Introduction of Big Data will inevitably bring unstructured and semi-structured data sources into the data flow. Testing these new types of data is a major challenge. However, after looking into it more deeply, we realized that
- “Structured data still makes 75% of data under management for more than two thirds of organizations, with nearly one-third of organizations not yet actively managing unstructured data at all” (see Dell’s survey at this link).
- Semi-structured data (data, which schema can be defined, but data types are not always available) is no different from structured data from QA standpoint, with one caveat – QA engineers will have to get used to “schema-on-read” paradigm (see link for more info).
- Unstructured data has to be cleaned, explored and its value needs to be determined before considering it as a feasible data source. In reality, that implies transforming unstructured data into semi structured format.
Therefore, most of Big Data QA work will follow the same patterns, processes, and procedures that historically have been used by QA teams when working with traditional data sources. As long as there is structure to the source data, there will be structure to target data, and transformation rules will have to be defined and followed by ETL development and QA teams.
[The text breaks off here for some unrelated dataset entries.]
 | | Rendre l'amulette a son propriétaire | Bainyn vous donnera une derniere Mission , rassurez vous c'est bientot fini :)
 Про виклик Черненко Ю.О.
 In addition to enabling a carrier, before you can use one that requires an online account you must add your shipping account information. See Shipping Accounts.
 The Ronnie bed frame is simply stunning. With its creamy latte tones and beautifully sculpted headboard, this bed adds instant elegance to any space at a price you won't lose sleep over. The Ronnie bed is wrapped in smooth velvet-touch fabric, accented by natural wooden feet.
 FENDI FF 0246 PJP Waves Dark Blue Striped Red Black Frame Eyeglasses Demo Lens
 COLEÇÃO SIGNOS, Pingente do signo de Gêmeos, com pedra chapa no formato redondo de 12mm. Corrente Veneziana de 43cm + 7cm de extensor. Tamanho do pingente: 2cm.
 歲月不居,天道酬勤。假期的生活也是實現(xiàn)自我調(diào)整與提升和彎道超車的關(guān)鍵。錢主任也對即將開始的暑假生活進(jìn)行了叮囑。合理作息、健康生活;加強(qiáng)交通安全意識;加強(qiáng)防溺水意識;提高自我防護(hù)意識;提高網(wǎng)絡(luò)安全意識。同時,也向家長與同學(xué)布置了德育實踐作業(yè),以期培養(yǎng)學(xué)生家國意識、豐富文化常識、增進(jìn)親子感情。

Our QA team has mostly worked on Windows workstations, thus Linux (which is the preferred OS platform for tools in Big Data ecosystem) introduced a learning curve. Nevertheless, going through the process of learning basics of the OS and shell commands not only took shorter time than expected (with help of numerous online resources and our Big Data dev team), but also felt very empowering. Within a few weeks I realized that my brain was looking for similar command-line operations in Windows. Needless to say, I now have Cygwin installed on my Windows PC.
Having worked with IDE tools such as SSMS, Visual Studio, DB Forge, Pentaho DI and others we looked for similar tools used in the Hadoop world. The first standard tool we found in the toolset was HUE (Hadoop User Experience). HUE is a web-based tool that helps to get started interacting with Hadoop and to learn the names of the animals from Big Data zoo.
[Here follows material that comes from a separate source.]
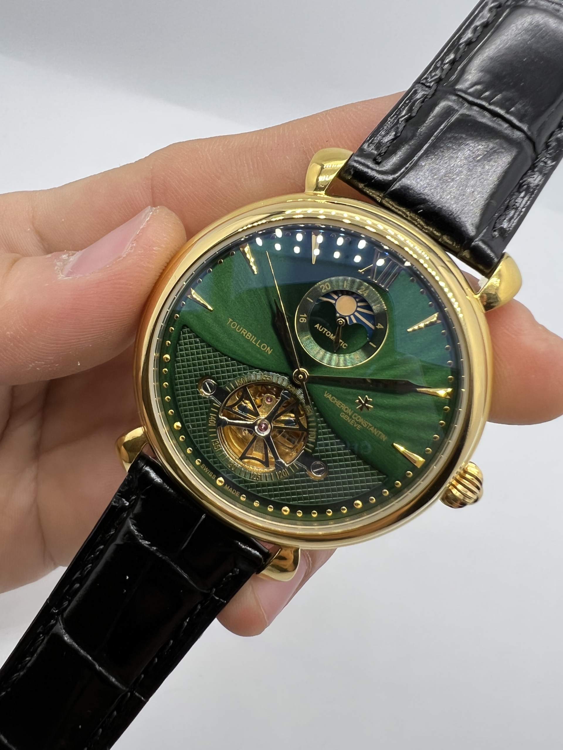 O Relógio Réplica Vecheron é fiel ao design original, com caixa de aço inoxidável de 48 mm de diâmetro, o que garante durabilidade e resistência. A pulseira de couro adiciona um toque de sofisticação e conforto, tornando-o ideal para uso prolongado. O fecho deployant, conhecido por ser prático e seguro, permite que você coloque e retire o relógio com facilidade e segurança. O vidro de safira Top Premium AAA resiste a riscos e oferece alta visibilidade, mantendo o visual impecável por mais tempo. Cada detalhe desta réplica foi pensado para reproduzir a aparência e a sensação de um Vecheron original.
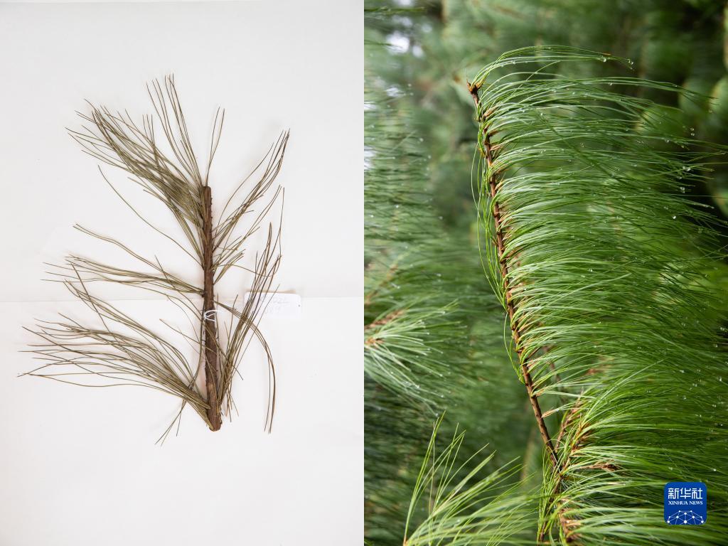 這是10月10日在昆明植物園拍攝的巧家五針松。這張拼版照片分別為科研人員野外采集的標本(左)和在植物園遷地保護后存活下來(lái)的同種植物。

As we started using the tool, we quickly came across numerous shortcomings, such as incomplete compatibility with some of the Big Data zoo’s tools and a certain amount of bugs like spontaneous “losses” of submitted Hive queries or incapability to import all properties of an Oozie workflow from its XML definition. Realizing that the visual toolset for the Hadoop ecosystem is still raw, we had to take advantage of old and proven command line (great thanks to our development team, once again, for getting us started). Open-source tools like the community edition of IntelliJ IDEA helped a lot to trigger reorganization of our thought process to be able to accommodate the paradigm shift, as well as to learn crucial concepts/patterns of Java-world (yes, Big Data is the world of Java and its descendants like Scala or Groovy).
Automated or manual testing of traditional data warehouses implies broad usage of SQL, which our team has mastered. Unfortunately, in the Big Data world SQL is just “one of”, but not the “all-in-one” means of accessing data. There is an ongoing effort to reduce the learning curve in Big Data with the introduction of tools like Drill and Hive.
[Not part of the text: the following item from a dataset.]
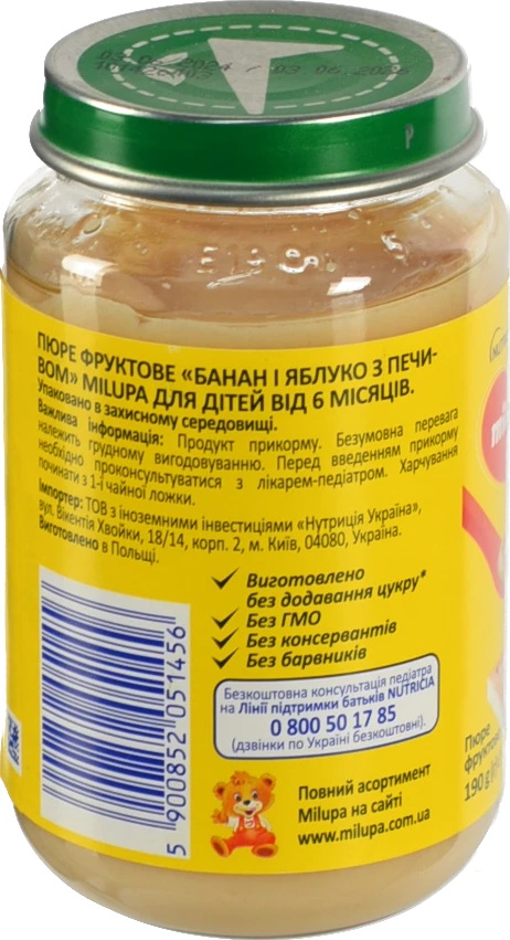 Добавки:Печиво, банан, яблоко
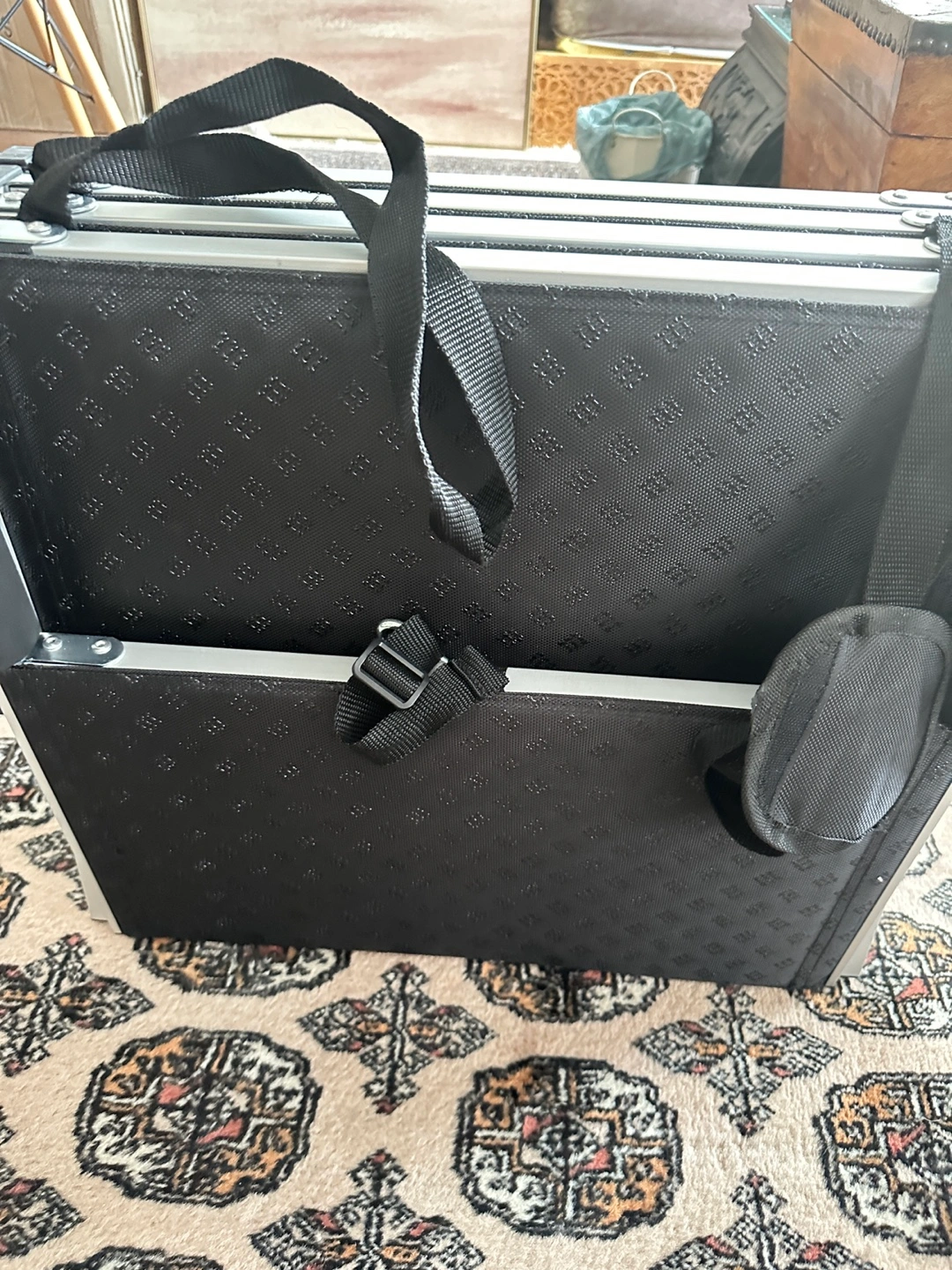 Four-step pet stairs. Collapsible design for easy storage. Features a carrying strap and non-slip rubber coating. Aluminium frame. Durable and lightweight.

However, there are still plenty of tasks that require expertise beyond SQL. Adding Bash and Python scripting languages to our toolset, along with getting trained in the most common execution engines like Spark and MapReduce, allowed us to get enough power to access/analyze any data properly and efficiently, regardless of its size. In turn, this helped us to fill in areas unreachable for SQL, like unstructured and semi-structured data analysis. As a result, we reached a point where our toolset is broad enough to test all of the typical big-data features, as well as to validate some of the results against data stored in traditional data sources.
In conclusion, I would like to reiterate that, although the Big Data world differs quite a bit from traditional data warehousing, the majority of QA efforts boil down to moving data from one place to another, which should be second nature to traditional DW QA team. Big Data’s new environment and tools introduce challenges, but these challenges can be quickly overcome with help of online
resources and assistance from your Big Data development team.